With an undocumented population of more than 10 million people, growing public awareness that the immigration system is broken and introduction of the bipartisan McCain-Kennedy bill (Secure America and Orderly Immigration Act of 2005), immigrant communities have an unprecedented opportunity to make a difference in the enactment of comprehensive immigration reform (CIR) legislation in the coming year.

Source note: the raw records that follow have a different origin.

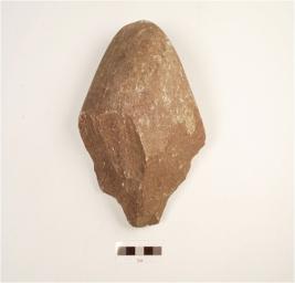 | Description / विवरण | A chopper made on quartzite pebble, flake scars on the interior end with wavy cutting edges cortex on posterior end convex in section. |
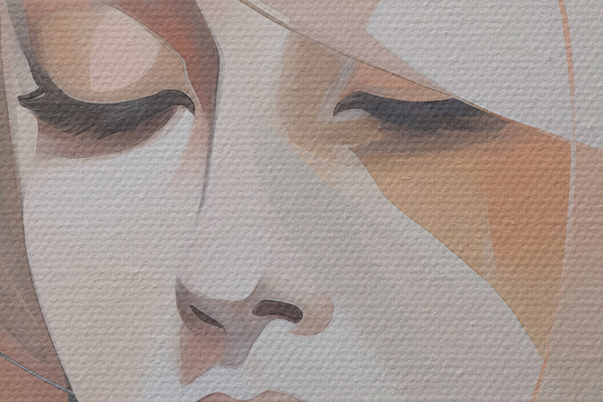 Ronde schilderijen Abstract portret van een meisje Nr r45972
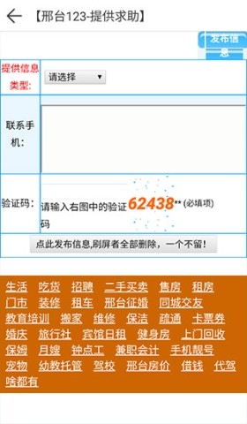 1、在邢台123App的首页,能看到多个服务分类板块,选择对应的分类点击进入即可。今天我们就拿“提供/求助”这个分类来举例说明。
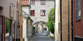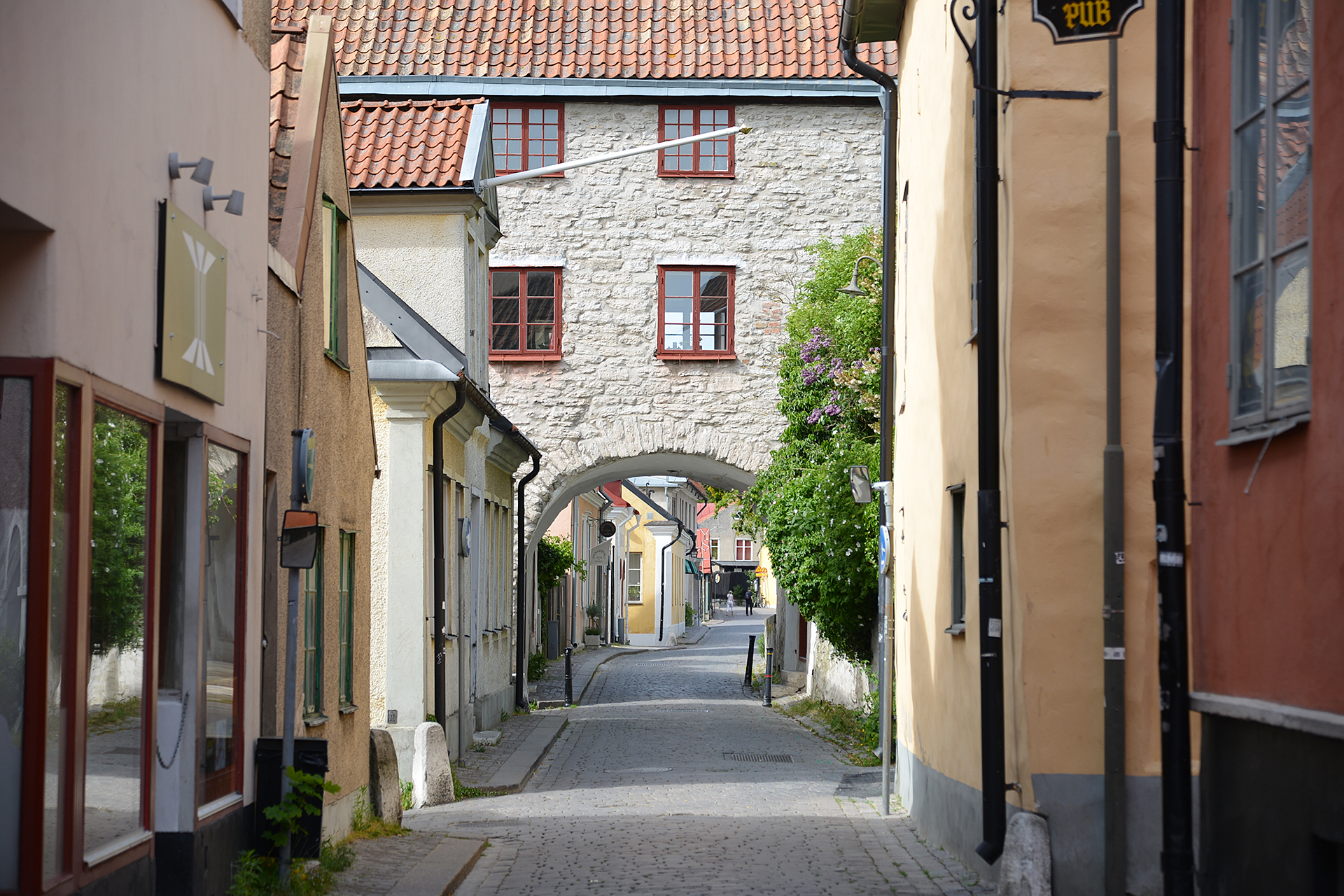 西のヴィスビー(Visby)は、3.4kmの城壁に囲まれた中世の面影を色濃く残す街で、スウェーデンの世界遺産のひとつ。
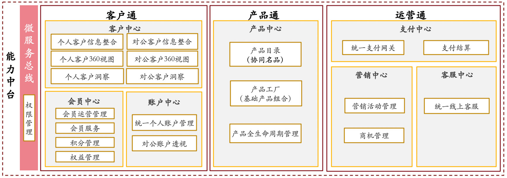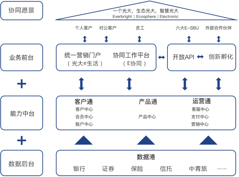 通过打造智能协同平台,构建客户、产品、运营三大能力中心,实现客户、产品、商机、营销、权益资源的共享,拉通内部企业和外部合作伙伴,建设合作共赢的生态圈。
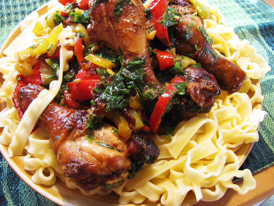Дапанджи вообще состоит из двух частей – курица с овощами и такой своеобразный гарнир. В качестве гарнира может выступать тушёный или отварной картофель, а может – лапша или сочни из теста. Я по некоторым причинам выбрал лапшу, а вы - как хотите. Но начнём с курицы.
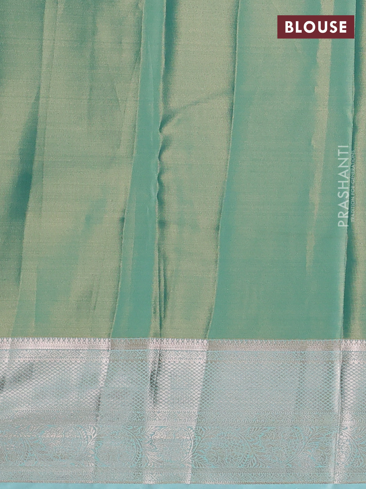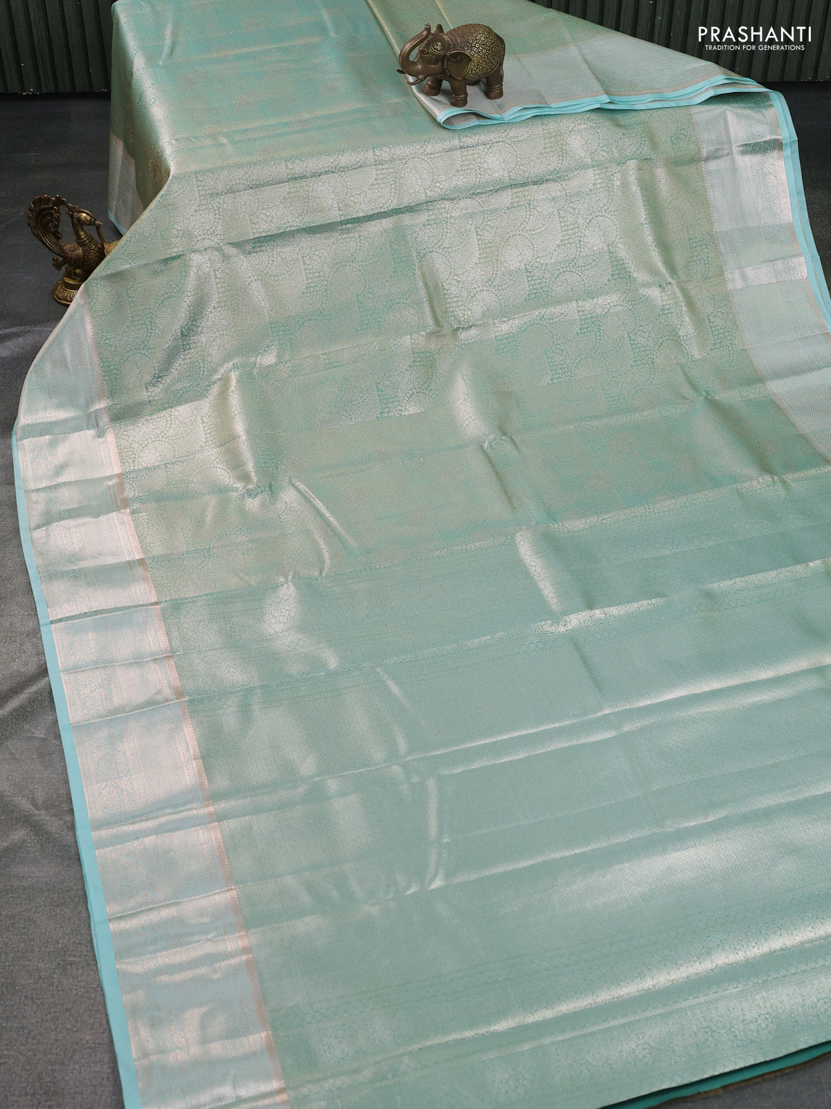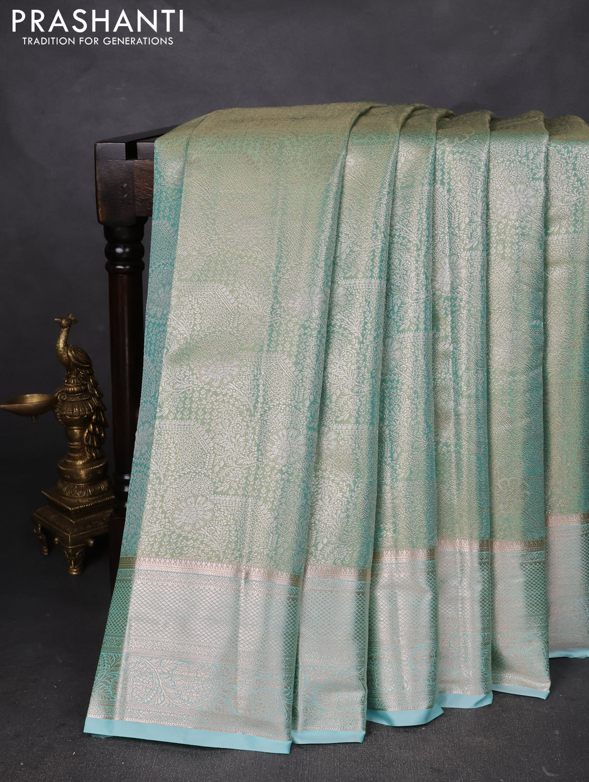 Semi kanchipuram tissue silk saree teal blue with allover silver zari woven brocade weaves and zari woven border
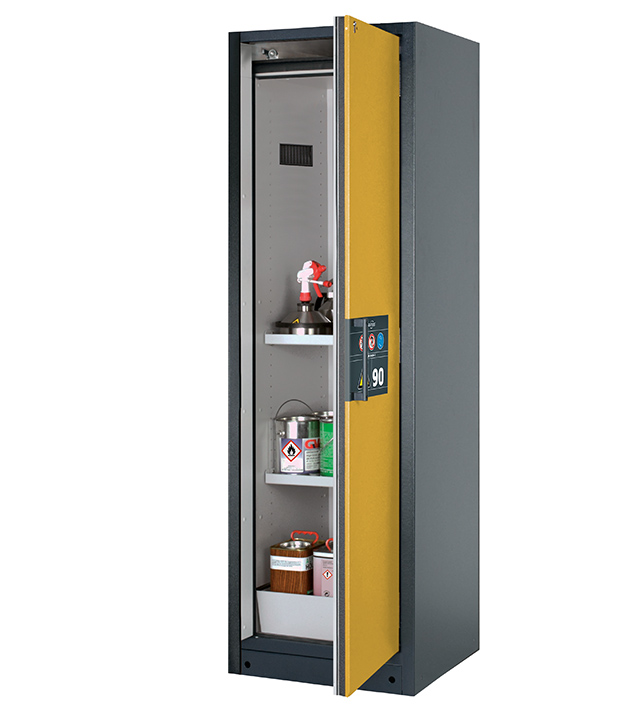 Korpusfarbe Anthrazitgrau (RAL 7016), mit Flügeltür in Sicherheitsgelb (RAL 1004), Inneneinrichtung mit 2 x Fachboden, 1 x Lochblecheinsatz, 1 x Bodenauffangwanne (Stahlblech pulverbeschichtet)

We can lead the debate and ensure that any immigration reform bill that passes include:

  • A path to legal permanent residency for hard-working immigrants who are now forced to live and work in the shadows;
  • Reform that reunite families by reducing the immigration backlogs;
  • A plan to manage the future flow of migrant workers that is designed to prevent abuse and exploitation, and that allows those who grow roots here to eventually apply for permanent residency;
  • Features that strengthen and protect worker rights so that our immigration laws can no longer be used as a tool to reduce wages and working standards;
  • Provisions to defend and protect immigrants civil liberties and civil rights; and
  • Immigration relief for undocumented students who have grown up in this country and farmworkers whose work feed our nation.